2. After an initial training of the dense head (classifier), we unfreeze the convolutional layers with a very low learning rate. Such roughly ensures that preservation of the low level feature maps from pretraining, otherwise--we're almost discarding the pretrained weights the earlier convolutional layers.

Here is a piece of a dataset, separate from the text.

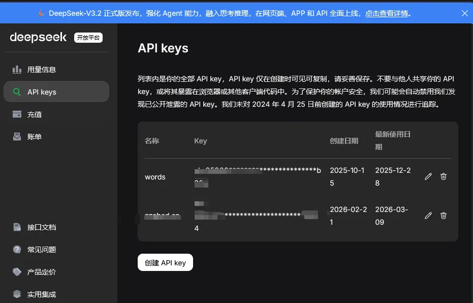 1. 打开浏览器,访问 platform.deepseek.com[1] 2. 点击右上角“注册”,用手机号注册账号 3. 登录后,点击左侧菜单的“API Keys” 4. 点击“创建API Key”,随便起个名字(比如“myclaw”) 5. 复制保存好这串密钥(它只会显示一次!)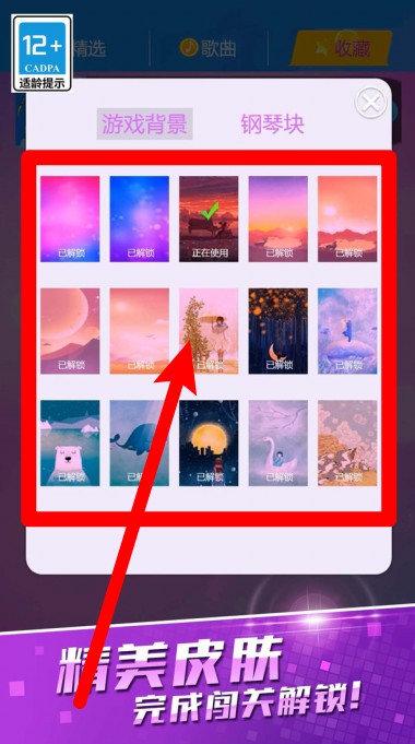 1.通过闯关解锁精美皮肤,玩家可以更换背景和钢琴块,让游戏视觉体验更丰富。

Usually, our goal is to fine tune the weights that result to the forming of high level feature maps (i.e., concepts--for example, the glottis shape).

Given the notes, the first few steps are just similar to that of the transfer learning notebooks presented in this repository.

References:

* The pretrained weights published by [Mei et al (2022)](https://pubs.rsna.org/doi/10.1148/ryai.210315) in their github [link](https://github.com/BMEII-AI/RadImageNet).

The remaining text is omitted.